## Dataset section:
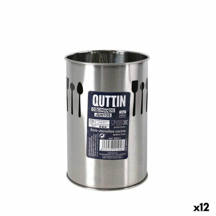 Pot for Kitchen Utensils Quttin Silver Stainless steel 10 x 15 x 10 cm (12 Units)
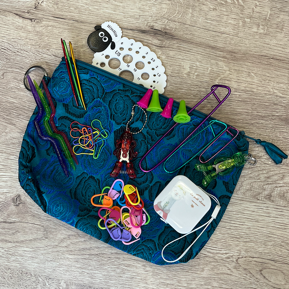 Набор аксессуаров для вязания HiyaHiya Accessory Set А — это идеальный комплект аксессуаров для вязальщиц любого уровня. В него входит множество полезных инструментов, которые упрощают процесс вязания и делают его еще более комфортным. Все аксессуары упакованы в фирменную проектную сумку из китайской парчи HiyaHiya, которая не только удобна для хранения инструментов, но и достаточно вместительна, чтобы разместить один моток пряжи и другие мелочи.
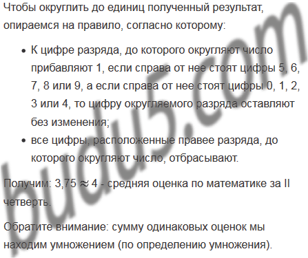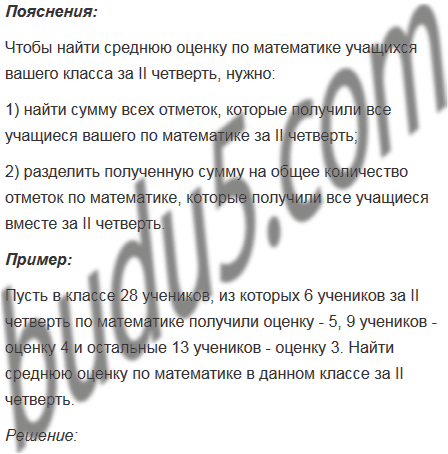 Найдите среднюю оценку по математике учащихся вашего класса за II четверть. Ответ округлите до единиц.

## What the exercise asks:
In the answer, all of the material should appear exactly as given, with no picture carried over.

## Your response:
 Pot for Kitchen Utensils Quttin Silver Stainless steel 10 x 15 x 10 cm (12 Units)
 Набор аксессуаров для вязания HiyaHiya Accessory Set А — это идеальный комплект аксессуаров для вязальщиц любого уровня. В него входит множество полезных инструментов, которые упрощают процесс вязания и делают его еще более комфортным. Все аксессуары упакованы в фирменную проектную сумку из китайской парчи HiyaHiya, которая не только удобна для хранения инструментов, но и достаточно вместительна, чтобы разместить один моток пряжи и другие мелочи.
 Найдите среднюю оценку по математике учащихся вашего класса за II четверть. Ответ округлите до единиц.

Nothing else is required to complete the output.